The Affordable Care Act and CMS (Medicare) have provisions, protecting the exclusivity period for these products but these regulations do not completely mitigate risk. Biologics face restrictions like prior authorizations and step therapies. Currently, many patients shoulder significant financial burdens. The healthcare industry faces the challenge of determining who will be responsible for covering these high-cost treatments in the future.

What are Biologics?

According to FDA, “Biological products often represent the cutting-edge of biomedical research and, in time, may offer the most effective means to treat a variety of medical illnesses and conditions that presently have no other treatments available.”

Milliman’s 2016 Research Report revealed, specialty biologics reached 38% of total drug spend in 2016 and are now the fastest growing class of biopharmaceutical products.

Rheumatoid Arthritis Treatment

Biologic products help manage many chronic conditions, such as rheumatoid arthritis (RA). NCBI reports, RA affects 1.3 million people in the United States.

Before biologic treatment, “RA was among the most debilitating chronic conditions, with one in three patients permanently disabled within five years,” states NCBI. Today, managing RA is possible with the use of disease modifying rheumatoid arthritis drugs (DMARDs.) This treatment reduces patient symptoms and improves their quality of life.

MMIT’s Reality Check on Rheumatoid Arthritis revealed, “depression is more common in RA patients than in the general population.” The health system must ensure that patients with multiple conditions are receiving adequate treatment.

Affordable Care Act Coverage

The Affordable Care Act (ACA) originally granted exclusivity to biologics by preventing biosimilar products from entering the market for 12 years. The purpose of this was to encourage the development of new biologics.

Medicare’s Part D Coverage

According to NCBI, “Nationally, nearly all Part D plans cover at least one biologic DMARD, but the vast majority require sufficiently high cost sharing to risk significant financial burden to patients.”

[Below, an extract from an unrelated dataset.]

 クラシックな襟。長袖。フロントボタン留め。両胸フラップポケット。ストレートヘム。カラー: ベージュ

The Part D plan has three primary cost and coverage policies:

  • Prior authorizations
  • Specialty tiers
  • High patient coinsurance

Clinical staff members are often challenged to secure biologic treatment approvals for patients. This process involves complex paperwork and often delays patient therapy, negatively impacting the quality of life and overall patient satisfaction with care. Even with health insurance, patients often face significant financial burdens to receive biologics. These high costs may deter patients from receiving the level of treatment they need. The NCBI reports, “A national survey of 1,100 adults with RA found that 1 in 6 decreased medication use due to cost, potentially resulting in worse outcomes.”

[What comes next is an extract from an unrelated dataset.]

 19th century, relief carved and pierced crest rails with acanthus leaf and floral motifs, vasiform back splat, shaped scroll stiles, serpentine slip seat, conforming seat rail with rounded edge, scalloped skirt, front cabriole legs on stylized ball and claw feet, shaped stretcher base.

Biologic Coverage Strategies

  1. Understand the target therapeutic market and let historical analysis of relevant analogues guide forecasting models.
  2. Leverage trusted market information to assess what a successful contracting strategy involves for a new-to-market brand.
  3. Analyze payer and PBM behavior in the target therapeutic class for each channel – commercial and government sponsored – to appropriately set expectations around barriers to market access at launch. Go beyond the restriction to understand trends within each payer’s policies.
  4. Implement a plan to arm field teams with the appropriate strategies to overcome inevitable market access challenges and payer blocks during the first six to twelve months of a brand’s adoption cycle.
  5. Normalize restriction details so that field teams can successfully educate HCPs. Payer/PBM utilization strategies may be complex, so prepare teams and arm them with actionable insights.

Jinoos Yazdany, MD, MPH, a rheumatologist at the University of California has proposed potential solutions for health reform, "Americans may be better served if drug coverage moved away from high coinsurance to focusing on payment and coverage innovations that aim to improve health outcomes while containing cost.” As more biologics enter the market, new policies will be made to manage the high costs of these products.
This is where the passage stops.